While bank issuers have struggled to keep their dominance in the Schuldschein market during the credit crisis, sovereigns have stepped into the breach and developed a bigger appetite for this niche product. But as Francesca Young finds out, it is not to everyone’s liking and doubts persist as to how long term a solution it is for sovereigns.
Traditionally a very private product for German banks and companies bought by German investors, the Schuldschein market has enjoyed a public renaissance recently.
Tradionally buy-and-hold investors such as regional savings banks and insurance companies bought Schuldscheine. Their staple fare was mortgage Pfandbriefe from German banks. But with many of those German banks in the doghouse for the past two years — or tied up with long-running mergers that served to reduce the variety of issuers — these investors have wanted to diversify.
Corporate and sovereign borrowers offered the perfect solution. In the corporate sector, Schuldscheine have had an impressive two years, with deal sizes peaking at over Eu1bn in 2008 and deal numbers almost doubling this year.
But progress in the sovereign sector has also been strong, not only because of the typically high ratings but also the attractive spreads on offer.
Because of those spreads, the sovereign notes became more attractive to investors looking for a pick-up over German Federal State Schuldschein notes, the most common Schuldschein paper, which trade around 5bp-10bp over Euribor for a 10 year duration.
Another attraction is that Schuldscheine can also be treated as loans and receivables or held-to-maturity assets not requiring mark to market valuations, therefore providing much desired stability for buyers.
Investors are willing to take these notes at a yield discount to the issuer’s benchmark curve, providing the borrower with a saving on its cost of funding, which in turn, makes Schuldschein especially attractive to borrowers keen to keep the cost of public debt down.
But like in the MTN market, sovereigns are often unwilling to place a trade if the amount is too small to warrant the work involved, as funding teams are typically small, at least compared with those at supranationals and agencies.
"We’ve been approached about doing Schuldschein by two or three banks, but we are not authorised to do this kind of note," says Anne Leclercq, director of treasury and debt capital markets at the Belgian Debt Agency. "We want to be flexible and to diversify but it’s important to grow our activity in the private placement market gradually."
Poland has a minimum issuance size of €250m as do many others. Austria is the exception, and can be approached with €15m clips — a strategy that has won praise from dealers who hold it up as as a good example of how sovereigns should approach the Schuldschein market. Austria looks for a discount from its benchmark curve of between minus 8bp and minus 12bp for Schuldscheine.
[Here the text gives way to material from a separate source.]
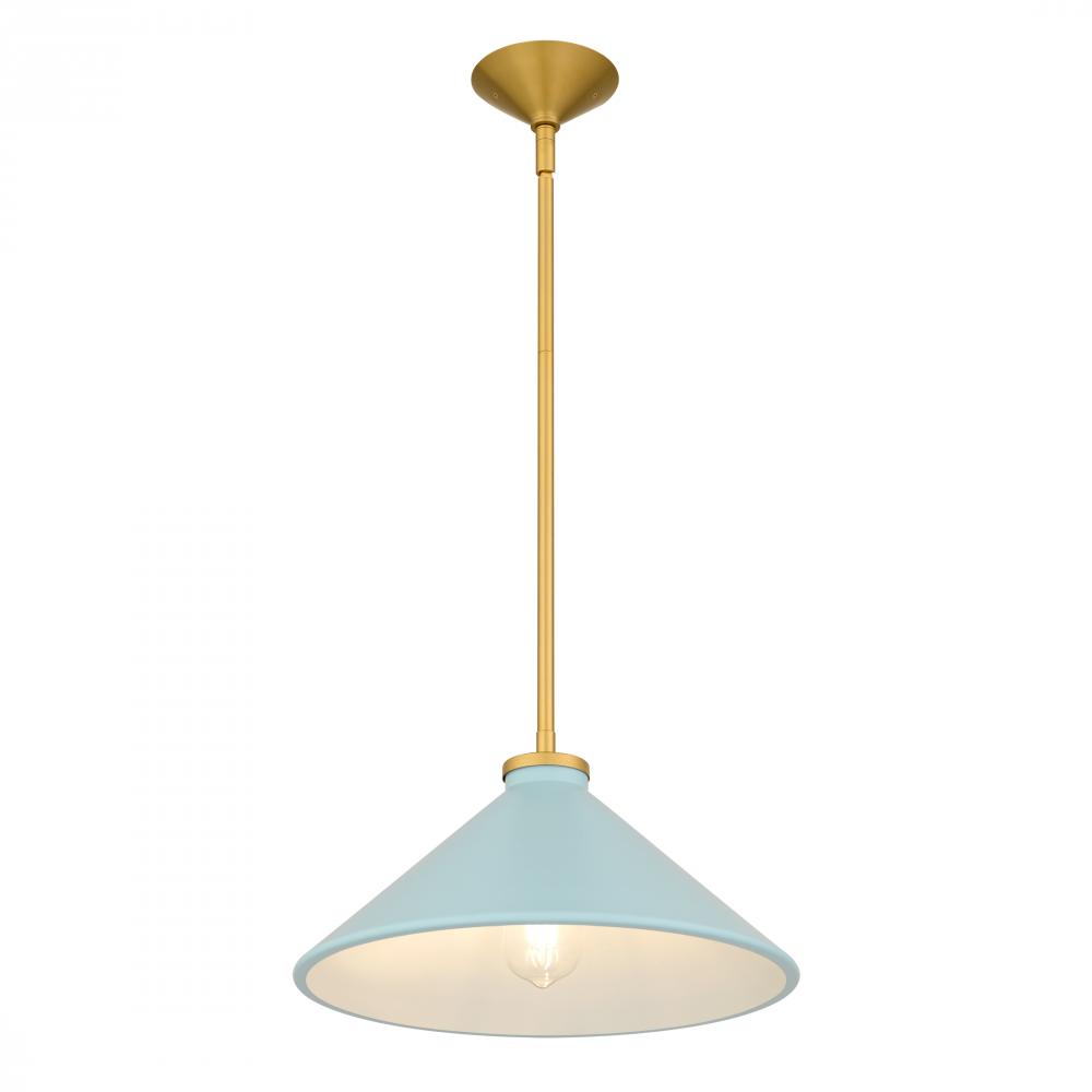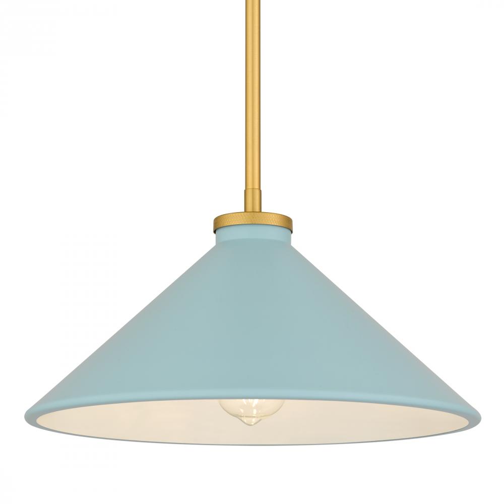 With a nod to mid-century charm, the Bradbury pendant light brings warmth and personality to any space. Its brushed gold accents gleam softly, setting off the crisp, conical shade available in a spectrum of colors—from serene light blue and fresh light g

But convincing other sovereigns of the benefits of Schuldscheine has not been straightforward, as there is a potential problem with public perception if sovereigns do off-screen, private trades. This is a concern for the larger benchmark issuing sovereigns who are anxious to be transparent to investors.
But the pick-up over Federal State Schuldschein is particularly prominent in the levels of the eastern European sovereigns. "Eastern European sovereigns are definitely a market that our investors are interested in," says Christoph Cremers, director and head of domestic sales/trading institutional sales for Germany and Austria at HSBC in London.
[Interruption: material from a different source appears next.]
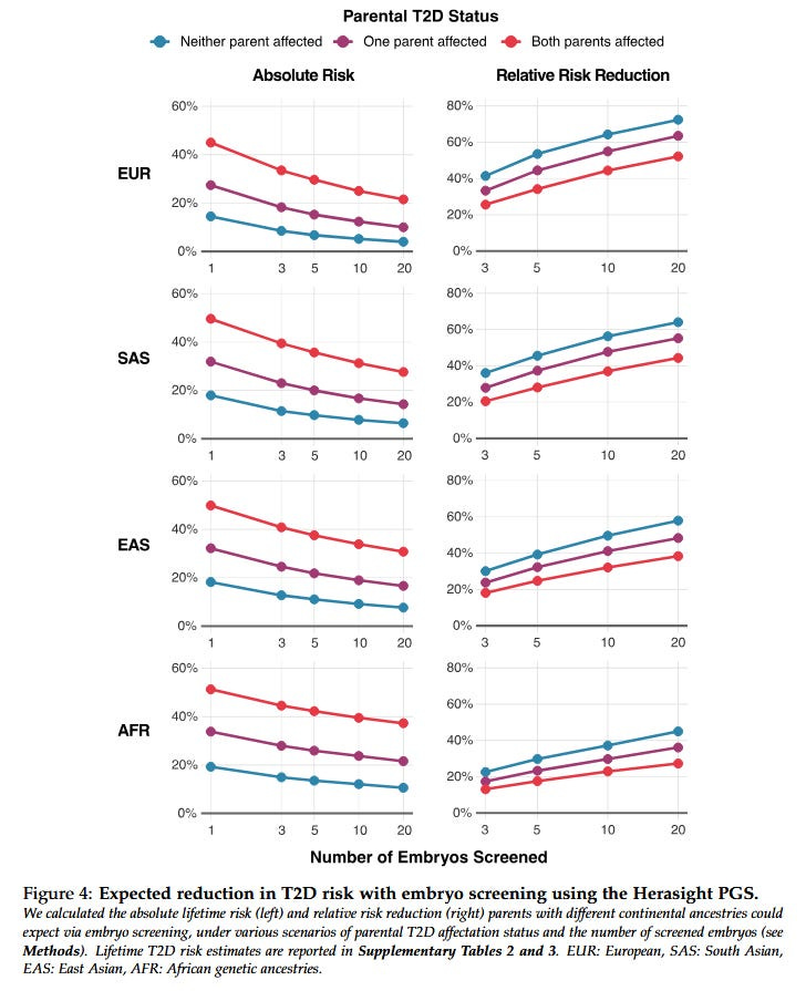 A European family with five embryos and no family history can cut their diabetes risk by 47%, and an African family 29%, with everyone else in between.

"Tapping the Schuldschein markets allows us to take advantage of a whole new investor base, and the reverse enquiry from German insurance companies has been strong," says Anna Suszynska, deputy director of the financial assets and liabilities department at the Polish finance ministry. "This year we decided that the interest had grown to such an extent that it was time to take advantage of the demand."
But how much longer this flurry in sovereign Schuldsheine will last is unclear. Because it is such a discreet market, it is hard to know how much is being traded. Dealers say interest in vanilla sovereign Schuldschein has already slowed as investors have been put off by tighter spreads.
But the structured Schuldschein market is stepping in as some southern European countries have this year traded CMS notes in Schuldschein format.
"It’s all about whether the issuer is set up to issue Schuldschein, and the size criteria as well — they’d need to be around €100m or larger," says a senior MTN dealer in London.
Other dealers say there is demand for lightly structured Schuldschein notes, but that issuers are unwilling or unable to sell complicated structures.
“There is a bid for European sovereigns to issue Schuldschein at the moment, especially for for lightly structured CMS products, but for various reasons these issuers are not keen to tap that demand,” says Julie Edinburgh, director, head of MTNs at Credit Suisse in London.
Dealers are unsure whether the increase in sovereign Schuldschein issuance this year will continue into next year, as its primary driver was the wider spreads. As investor confidence returns, buyers may be keen to move down the credit curve and back into financial institutions and riskier credits.